Collection entries
========================================

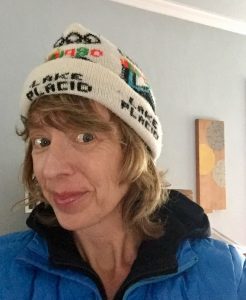 That gave me an idea. I went back into the winter hat box to find one that I’d placed in there after my last visit to Rochester. It snowed one day that I wanted to go for a walk, so I reached up onto the shelf of my late dad’s closet and landed on this beauty: a knit wool cap from the 1980 Lake Placid Olympics.
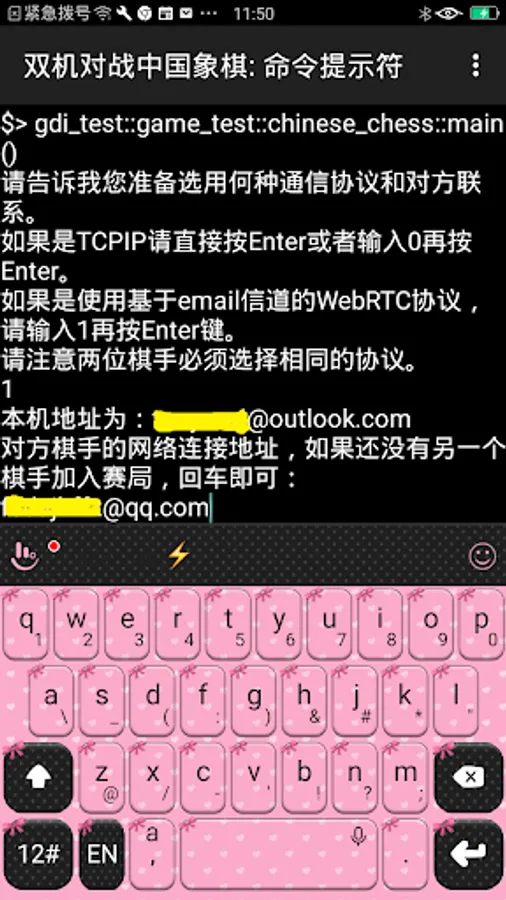 If you use the WebRTC protocol based on email addresses for point-to-point communication, you can achieve long-distance (thousands of kilometers) chess battles. The process of starting the game is similar to using the TCPIP protocol. After the first player starts, wait for the second player to start and enter the email address of the first player to connect. If the connection is successful, the game will start. But one thing is different from using the TCPIP protocol. The first time you use the WebRTC protocol for peer-to-peer communication, you need to set the e-mail address of the machine. You need to enter your email address and password when setting up (note that this password is the password used when sending and receiving emails with SMTP and IMAP protocols, and it is not necessarily the same as the password used to log in to the web page for email checking). If you are using Microsoft Outlook mailbox, Tencent QQ mailbox, Yahoo mailbox or Google gmail mailbox, you do not need to enter other information, otherwise you need to enter smtp and imap server information.
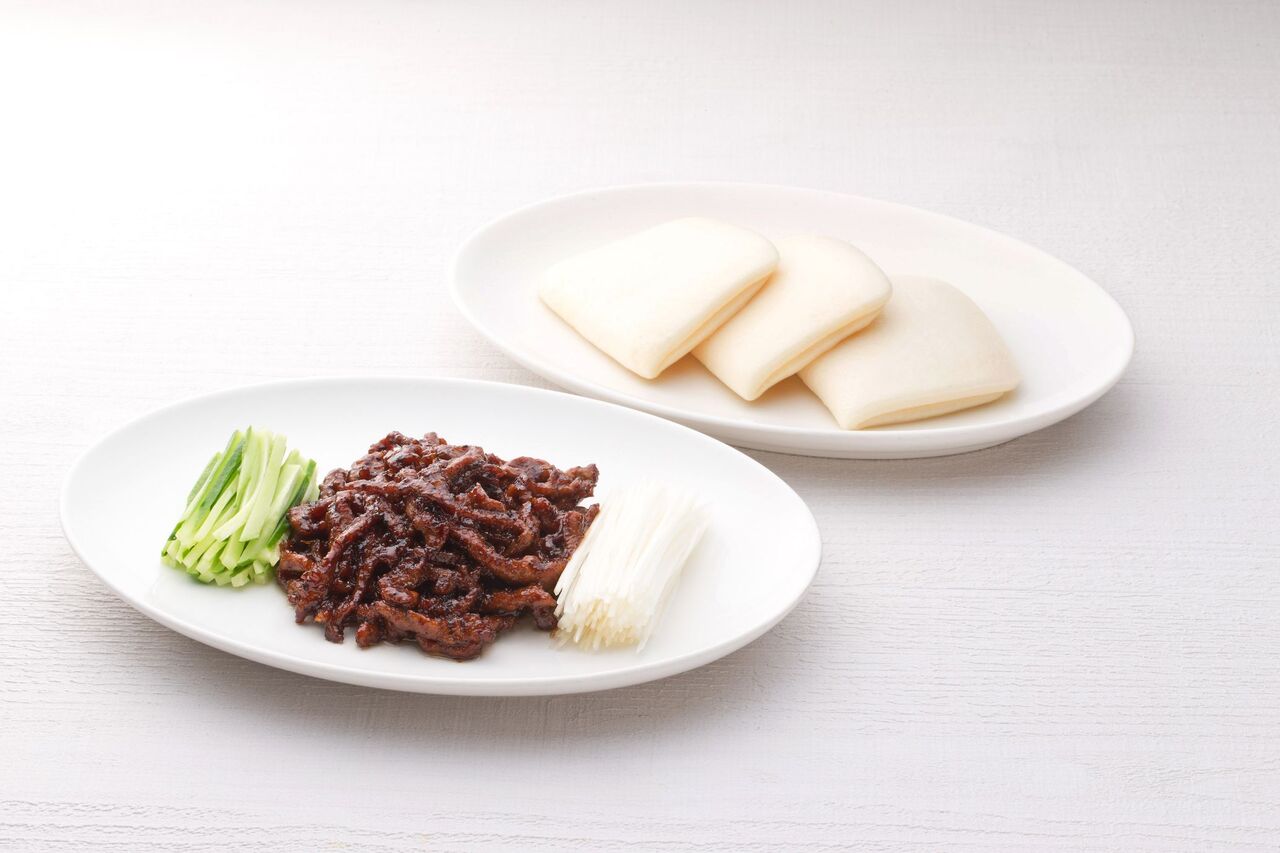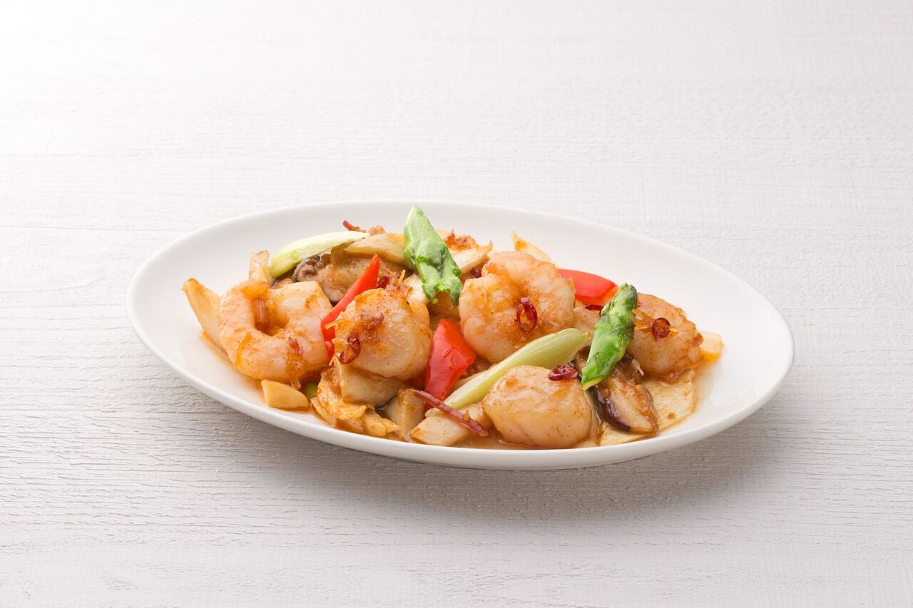 四川省で愛されている鶏肉の炒めを県産地鶏「富嶽白鶏」で仕上げました。芽菜(ヤーツァイ)の独特な味わいをサンチュに包んでお召し上がりください。
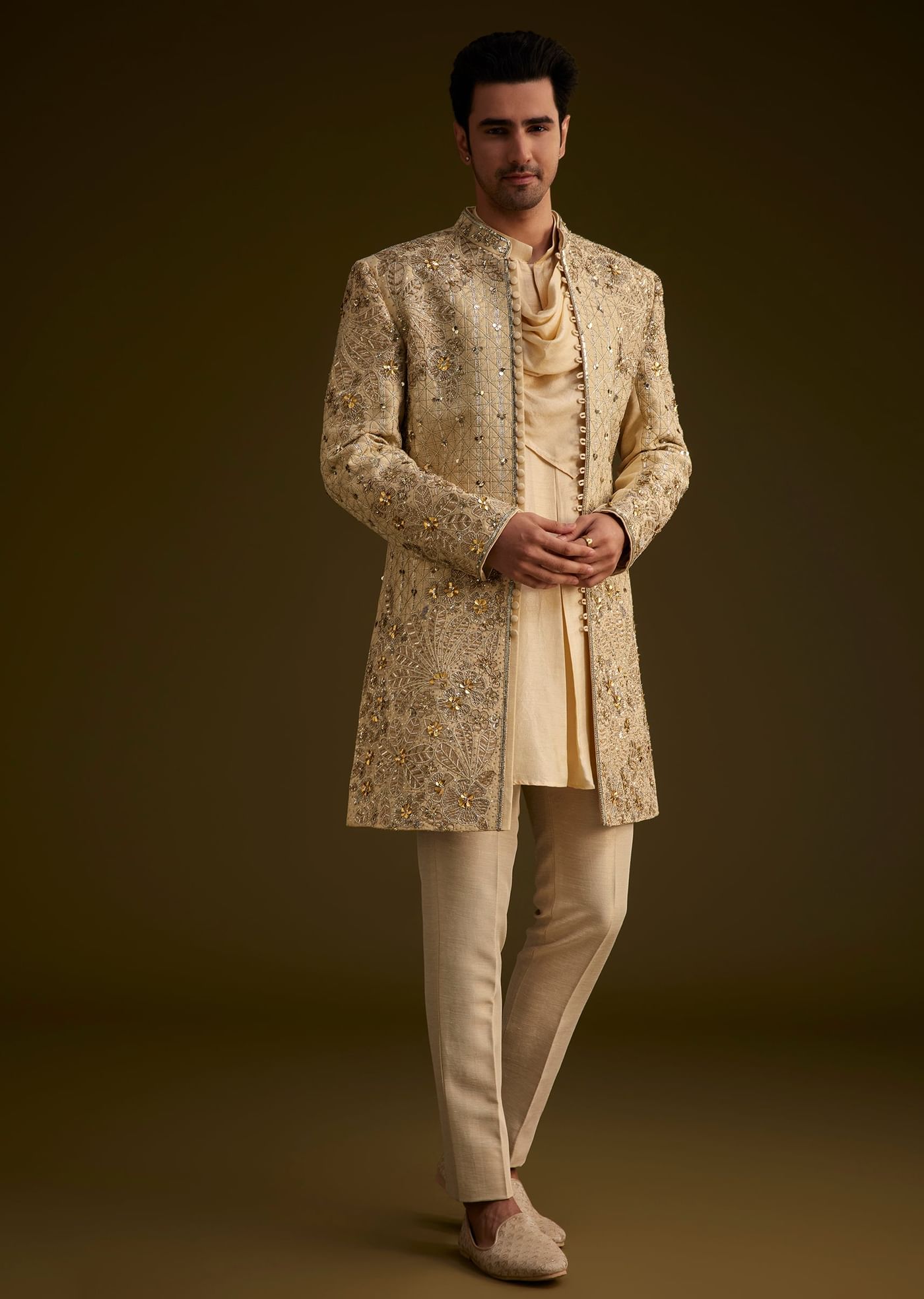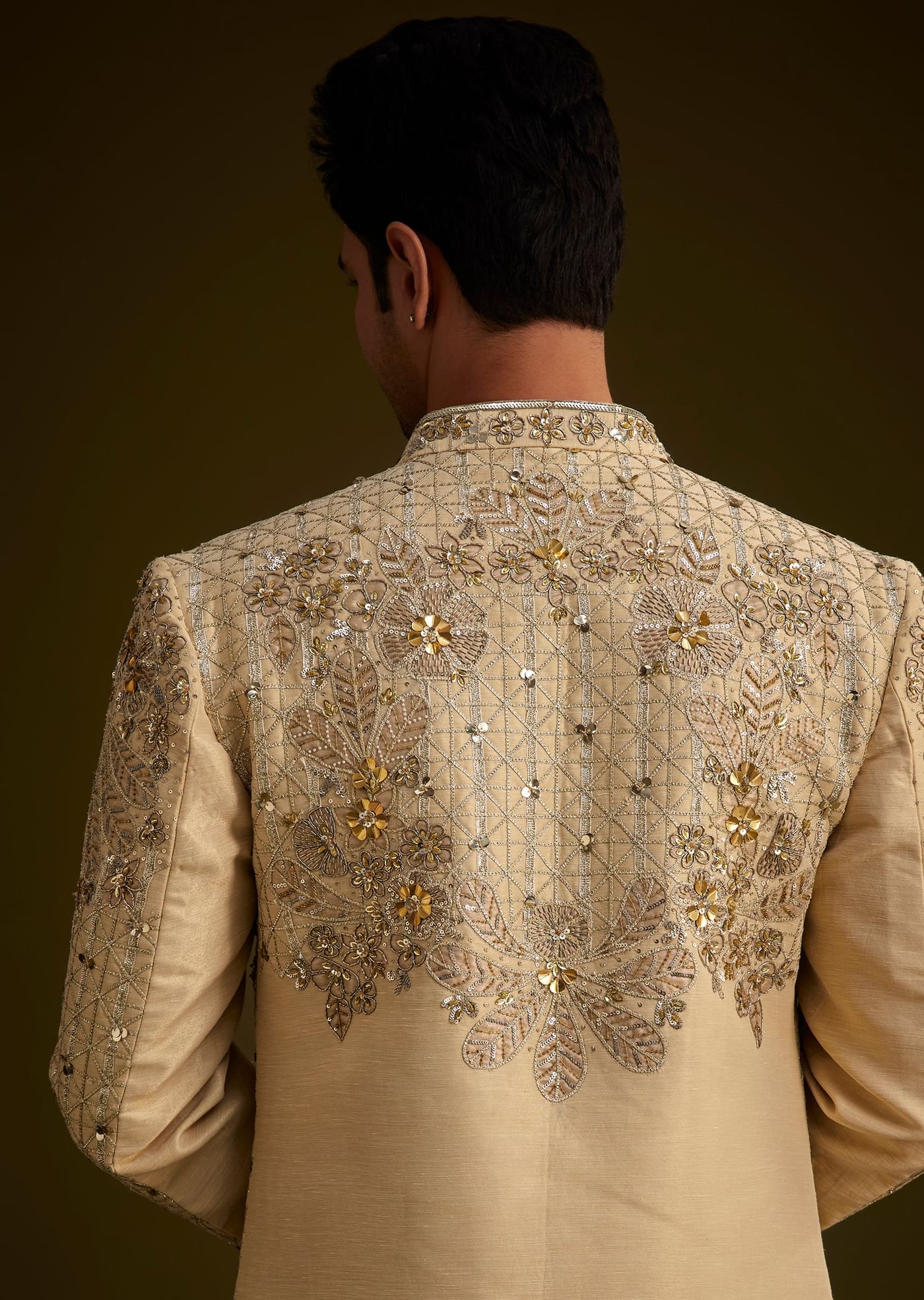 Light Gold Silk Open Sherwani Set With Zardosi Handwork
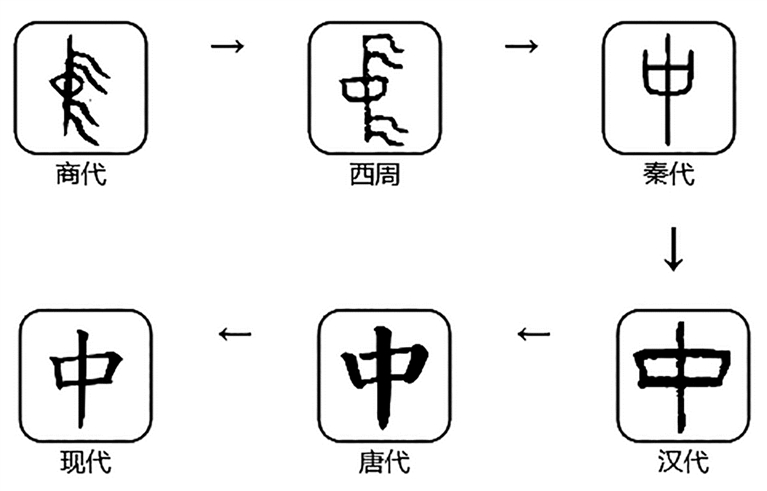 甲骨文“中”象旗幟之形,其上下部都有飄帶。直線的中間加上圈形指示符號(hào),表示中央、中點(diǎn)等一般含義。秦系簡(jiǎn)牘的“中”字省略了象征斿的部分,小篆和隸書字形中間的圈形又變?yōu)榉叫?,成為了現(xiàn)在楷書的“中”。
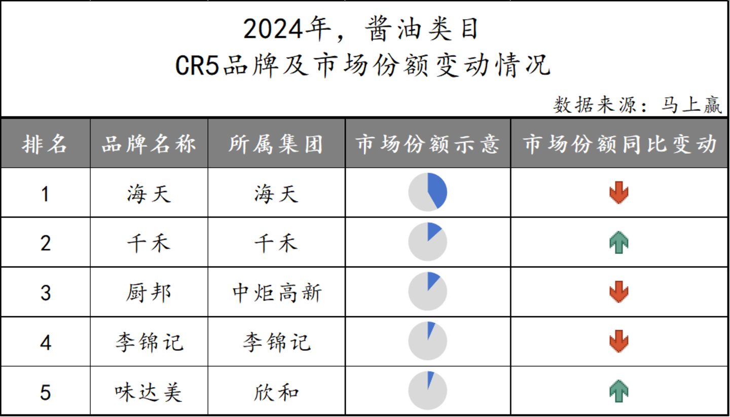 酱油市场中,CR5品牌由海天、千禾、厨邦、李锦记以及味达美构成。其中海天占据超三分之一类目份额。

========================================

Please output the records above exactly, without the pictures.

▶ _Result of the exercise_:
 That gave me an idea. I went back into the winter hat box to find one that I’d placed in there after my last visit to Rochester. It snowed one day that I wanted to go for a walk, so I reached up onto the shelf of my late dad’s closet and landed on this beauty: a knit wool cap from the 1980 Lake Placid Olympics.
 If you use the WebRTC protocol based on email addresses for point-to-point communication, you can achieve long-distance (thousands of kilometers) chess battles. The process of starting the game is similar to using the TCPIP protocol. After the first player starts, wait for the second player to start and enter the email address of the first player to connect. If the connection is successful, the game will start. But one thing is different from using the TCPIP protocol. The first time you use the WebRTC protocol for peer-to-peer communication, you need to set the e-mail address of the machine. You need to enter your email address and password when setting up (note that this password is the password used when sending and receiving emails with SMTP and IMAP protocols, and it is not necessarily the same as the password used to log in to the web page for email checking). If you are using Microsoft Outlook mailbox, Tencent QQ mailbox, Yahoo mailbox or Google gmail mailbox, you do not need to enter other information, otherwise you need to enter smtp and imap server information.
 四川省で愛されている鶏肉の炒めを県産地鶏「富嶽白鶏」で仕上げました。芽菜(ヤーツァイ)の独特な味わいをサンチュに包んでお召し上がりください。
 Light Gold Silk Open Sherwani Set With Zardosi Handwork
 甲骨文“中”象旗幟之形,其上下部都有飄帶。直線的中間加上圈形指示符號(hào),表示中央、中點(diǎn)等一般含義。秦系簡(jiǎn)牘的“中”字省略了象征斿的部分,小篆和隸書字形中間的圈形又變?yōu)榉叫?,成為了現(xiàn)在楷書的“中”。
 酱油市场中,CR5品牌由海天、千禾、厨邦、李锦记以及味达美构成。其中海天占据超三分之一类目份额。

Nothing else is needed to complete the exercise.